Let's go right into the forecast. After yesterday's scattered storms and heat we're in for more of the same afternoon. A Heat Advisory has been posted for the Southern Indiana counties in the WAVE 3 viewing area since temperatures will be in the mid 90's and heat index values could get up to 105 degrees. This general rule applies for the whole area though, so expect some warm temperatures in the 90's and heat index values near to over 100 degrees regardless of where you are.
The "pop-up" showers and storms we might see in a few areas today will be similar to what happened yesterday. Radar trends right now are indicating that these storms might not be as numerous today as they were yesterday and that they may be confined mostly to southern parts of the viewing area. This isn't good news if you're looking for temporary relief from the heat. These storms, should they form, likely won't move very fast due to weak winds in the upper atmosphere and at the surface. We had some great photos of some of these isolated storms sent in yesterday, but if you see one of these towering cumulonimbus cloud storms, what exactly are you looking at? I've assembled an image to the right that shows you an example of how one of these "pop-up" storms works. That should help you identify the parts of the storms that are developing right out your window! Note that depending on the winds the updraft of warm air and the rain may happen right on top of each other, which causes the storm to quickly fall apart.
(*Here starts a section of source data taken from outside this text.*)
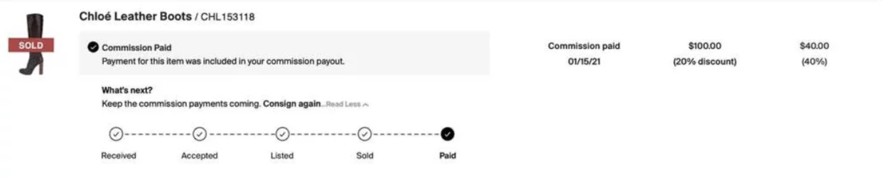 The RealReal offers two services to its clientele: the opportunity to buy items and the opportunity to sell them. For people like me who were looking to build their designer closet from the ground up, The RealReal was the perfect starting point for purchases. However, for those who were looking to sell some of their excess designer goods, the choice on where to sell their goods became a bit more complicated. There are pros and cons to consignment over individual selling on platforms such as EBay and Poshmark. A major pro is that there is significantly less brain work needed in the process of consignment; you simply hand the goods off to your intermediary, and they handle the rest. If you choose to sell the item on your own, you are responsible for the process of listing, marketing, negotiating, packaging, and shipping (trust me, it’s much more complicated than you might think). There are two cons to take into consideration when choosing to sell with an intermediary: the commission rates and the possibility of damaged or lost inventory. The RealReal’s website has a very comprehensive guide to their tiered commission program.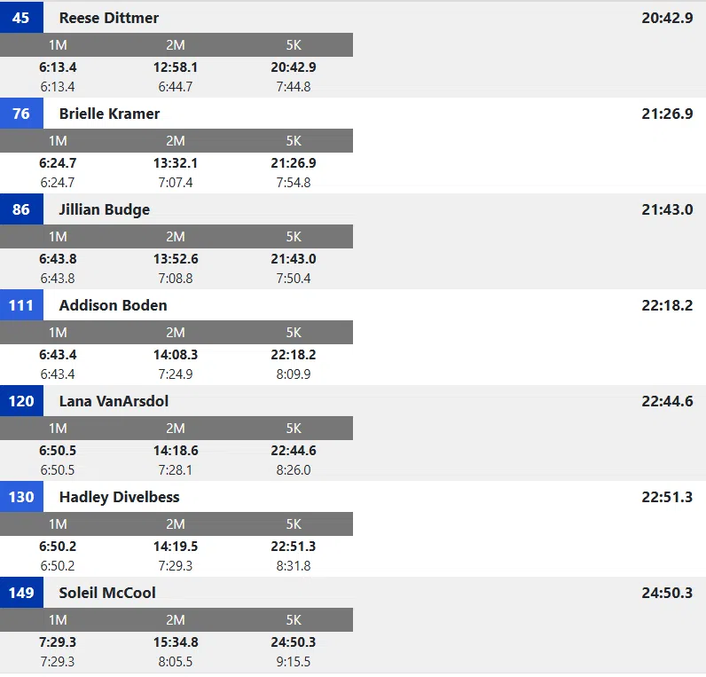 Allysen Johnson of Logan Magnolia was 23rd (20:00.7); Reese Dittmer had the best finish for Tri Center in 46th (20:42.9); Cadence Petersen of AC/GC was 89th (21:50.8). There were 158 runners in the field.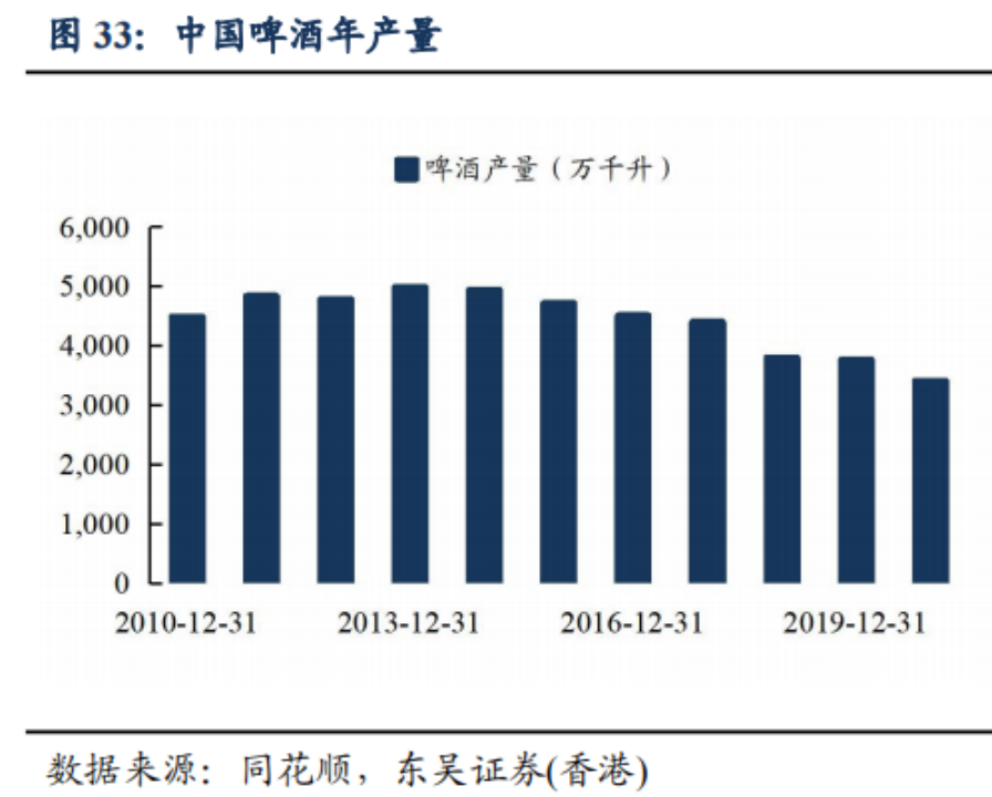 2013年之后,國內(nèi)啤酒產(chǎn)量逐年減少,各家由產(chǎn)量競爭,轉(zhuǎn)向質(zhì)量的較量。
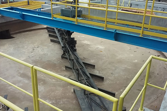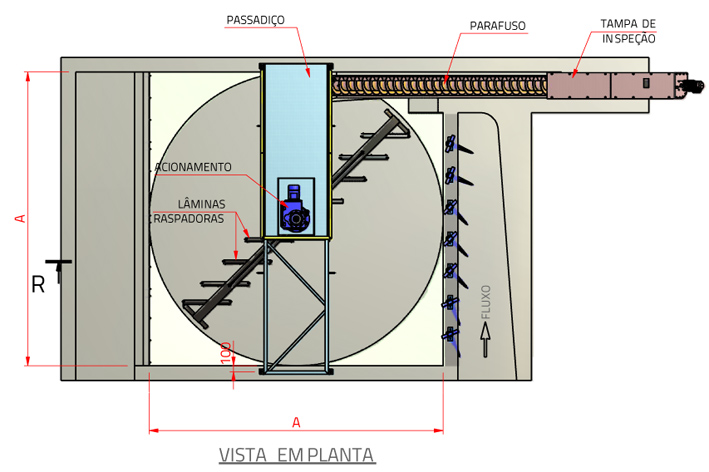 A caixa de areia tipo CS é aplicada em tanques quadrados, sendo o recolhimento da areia realizado por um raspador de fundo, com campo de ação circular que encaminhará a areia decantada para um poço de descarga, a partir de onde o mecanismo de lavagem de areia coletará o material.
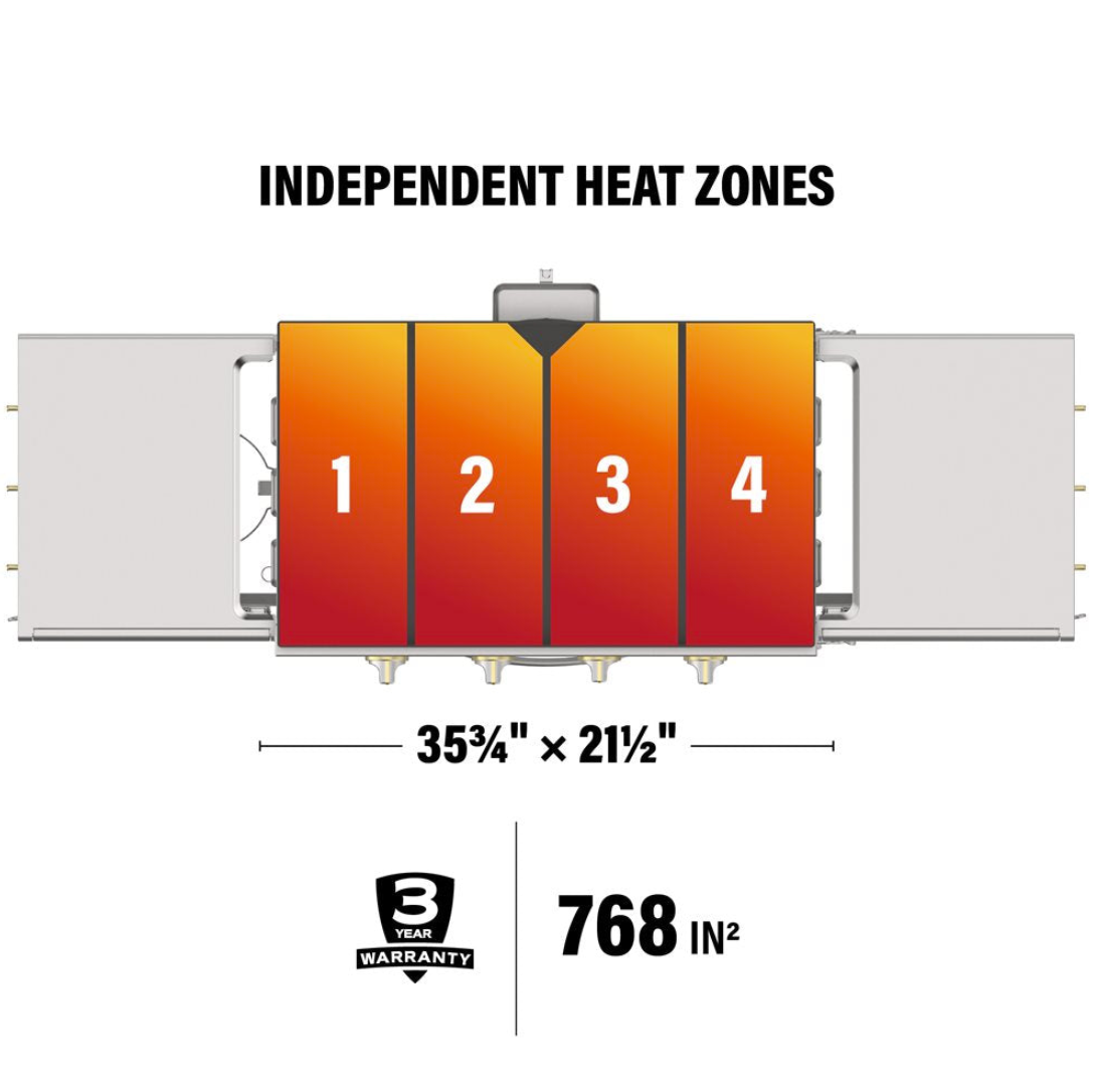 Four Independently Controlled Heat Zones – Cook mains and sides at different temperatures.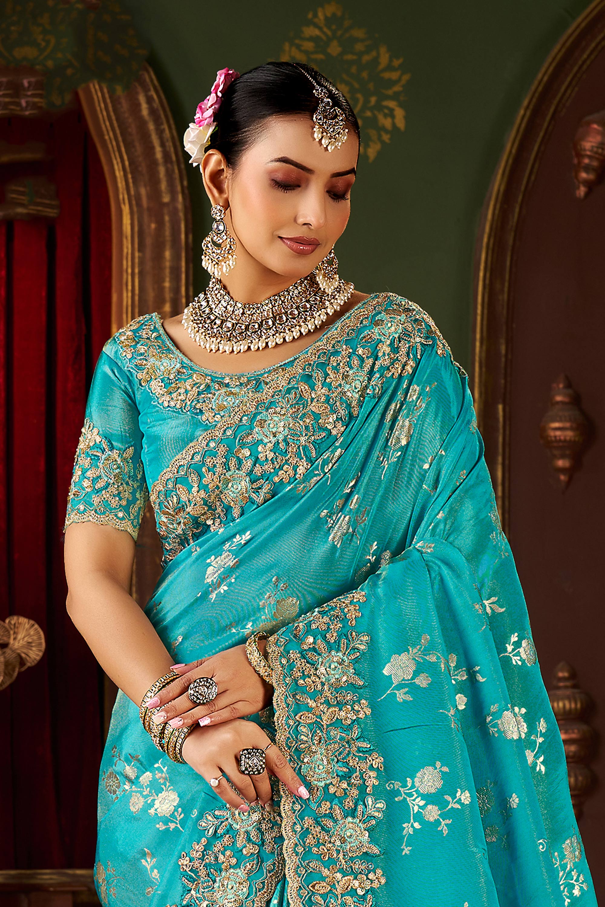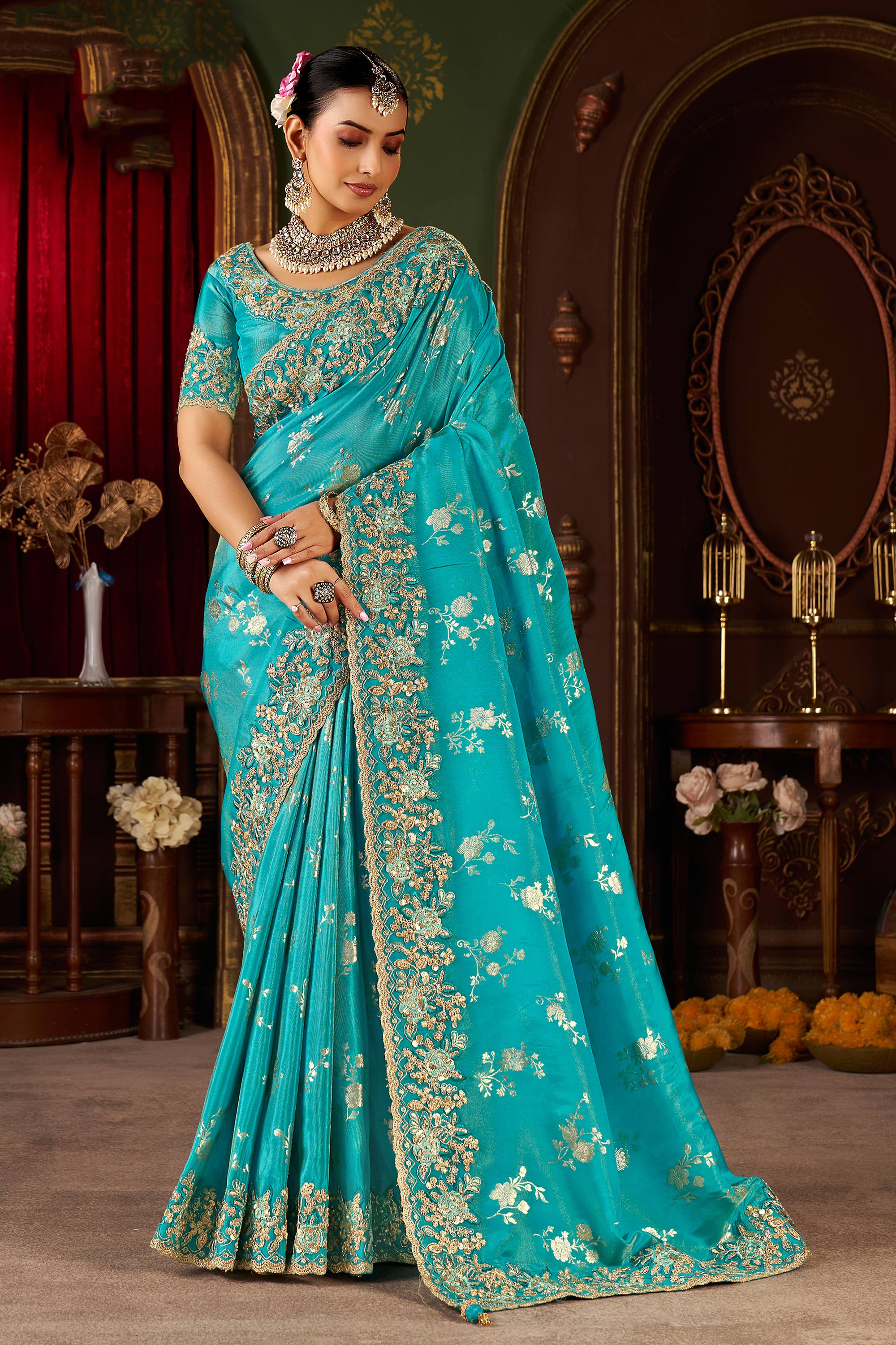 Art Silk Embroidered Border Work Cyan Wedding Wear Saree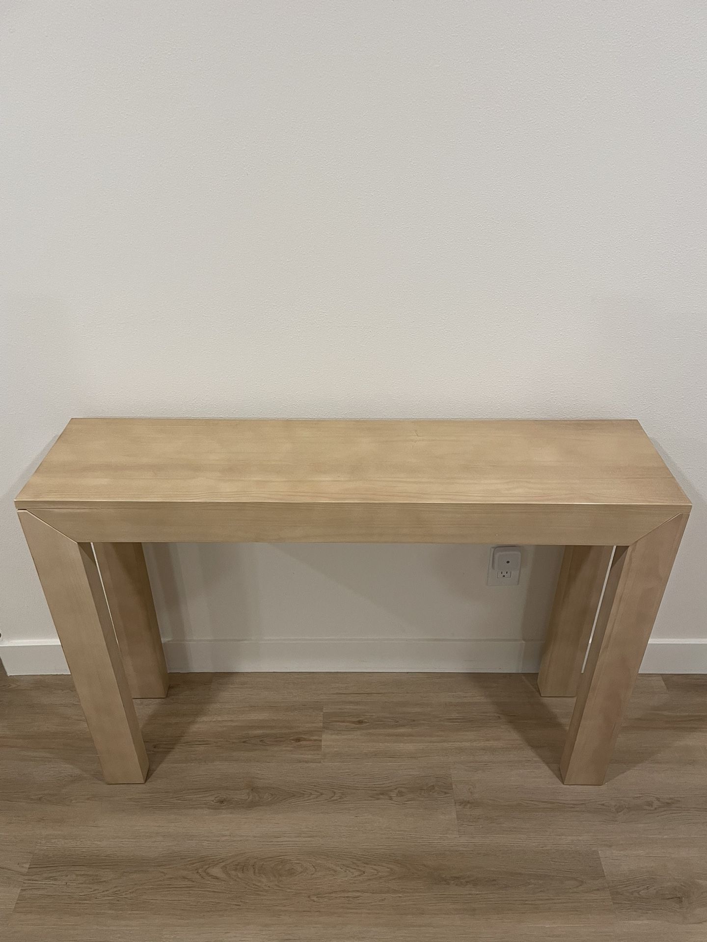 Entry table / console table Warm blonde almost pecan tone/color 32 1/4 height x 46 length x 11.5 width (in inches)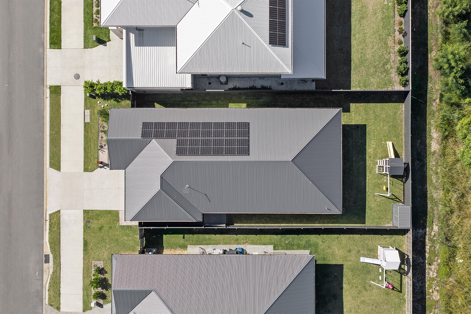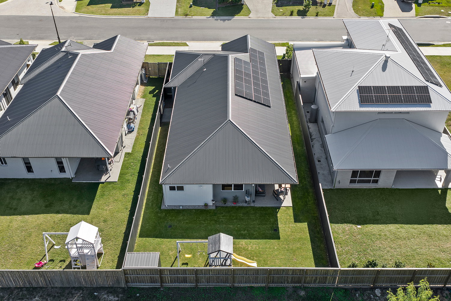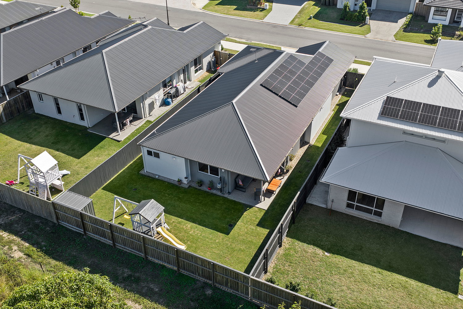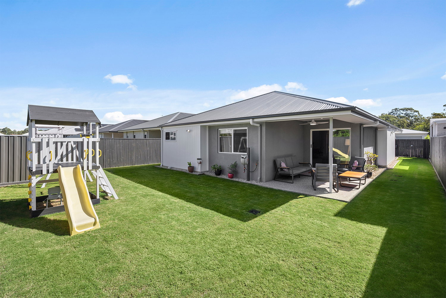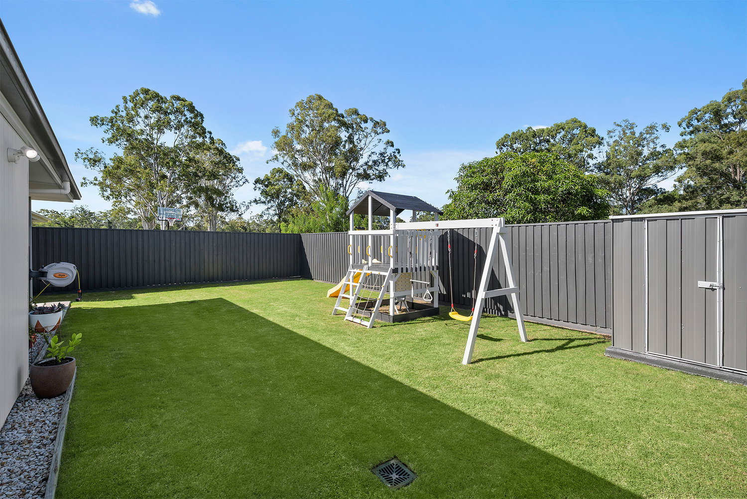 # Backyard features a fun kids play area, side access and garden shed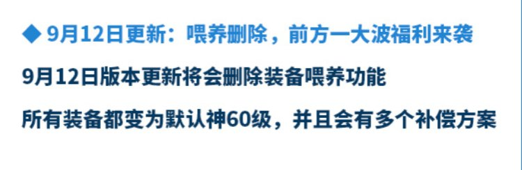 并且在9月12日维护后会先删掉喂养系统,全部装备统一调整为满级属性,到后续的大版本再将自定义装备删除,上线全新的装备,终于不是一套自定义玩到老了。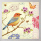 © Daphne Brissonnet / Wilder Apple. Ein farbenfroher Vogel steht auf einem Ast. Es gibt auch Blume und Schmetterlinge auf dem Bild.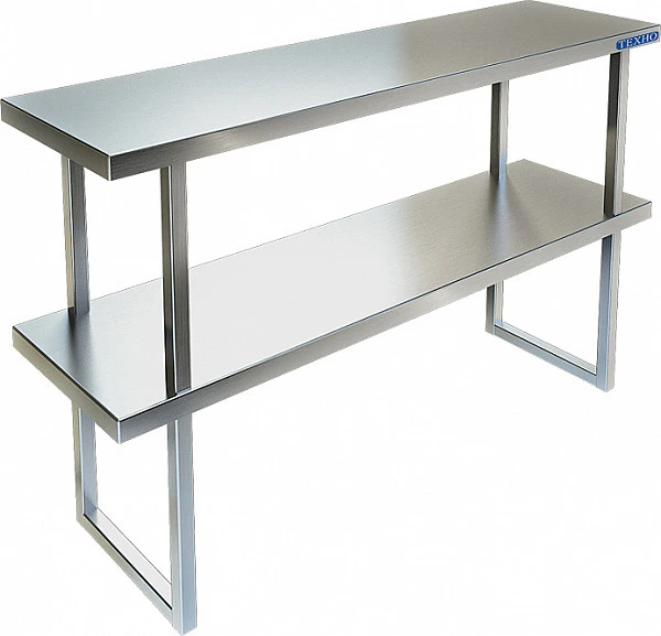 Для столов со столешницей ЛДСП разборная из нержавеющей стали марки AISI 430 толщиной 0,8мм, с усилителем, 2 яруса. Боковины (стойки) из трубы 20х20 нержавеющей стали марки AISI 430 толщиной 1,2мм. Крепление к столу болтовое через отверстие в столешнице. Полка поставляется в разобранном виде.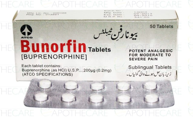 Product Name: Bunorfin Tab 0.2mg 5x10'sProduct Form: TabletsPack Size: 5x10'sMarketed By: ATCO LABORATORIES (PVT) LTDGeneric Category: Narcotic Analgesic Ingredients: Buprenorphine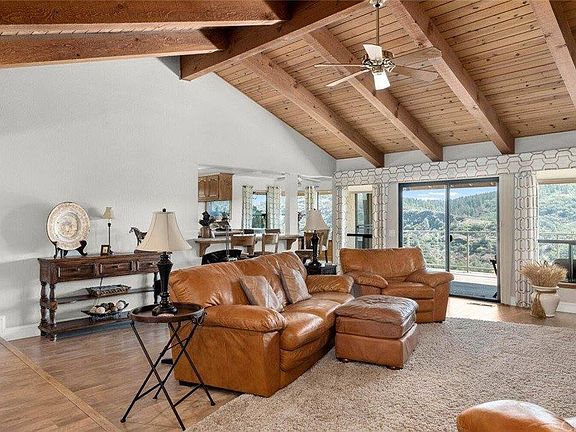 VIEWS, VIEWS, VIEWS!! Welcome to the STUNNING 14790 Eagle Ridge Drive! Looking to get out of town and for some peacefulness? Look no further! Just 10 minutes up the hill located in a gated community you will find this 3 bedroom plus huge office and 3 bath home boasting 2531 sqft! Walking in you will be drawn to the beautiful newer flooring, a big open living room, gorgeous knotty pine vaulted ceiling and corner brick hearth with wood burning stove. The kitchen offers granite countertops, a new dishwasher and microwave, plenty of counter space and more views from every window! Down one hall you will find a HUGE laundry room, a full bathroom and an office offering built-ins. The other side of the house has a separate hallway leading to the other two bedrooms, a bathroom and the primary suite. The large primary suite offers a big walk-in closet and an en-suite which stars dual sinks, a jetted bathtub and a separate walk in shower with new tile! The backyard is the star of the show! Panoramic views! The newer Trex deck and railing gives the perfect area to sit and relax with uninterrupted views after a hard days work while taking in the beauty and peace around you! Other upgrades include: newer HVAC system, ceiling fans throughout, instant hot water, newer toilets, breakfast nook with eating bar and wainscoting, custom shutters/blinds, soft water/filtration system, tons of built in cabinets, crown molding throughout, variety of fruit trees, whole house fan and much more! Do not miss this one as it is truly one of a kind!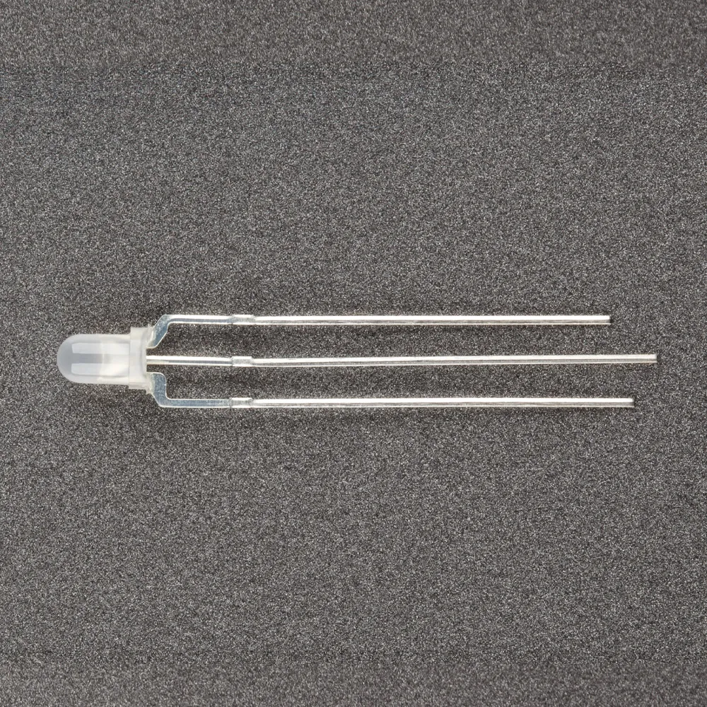 Поставка под заказ от 5000 шт. Выводной круглый светодиод, d=3 мм, матовая белая линза. Цвет свечения красный (625 нм), зеленый (565 нм). Угол излучения 30°. Сила света Iv=400-700 мкд (красный), Iv=100-250 мкд (зеленый) при If=20 мА. VF=2.0-2.5 В. Три вывода, общий катод.

More of the same heat, humidity, and storms are on the way for tomorrow. By Thursday we could have a few changes as a cold front approaches from the north. Storm chances will be higher on Thursday and Friday thanks to this, but and drier conditions and more hot temperatures for the weekend will likely follow the front as it pushes south by Friday night. The good news with all of this is that actual triple-digit temperatures are not in the forecast anytime soon even though heat index values may push into this range. Stay cool and keep an eye to the sky to see if you get a scattered storm or two over the next couple days!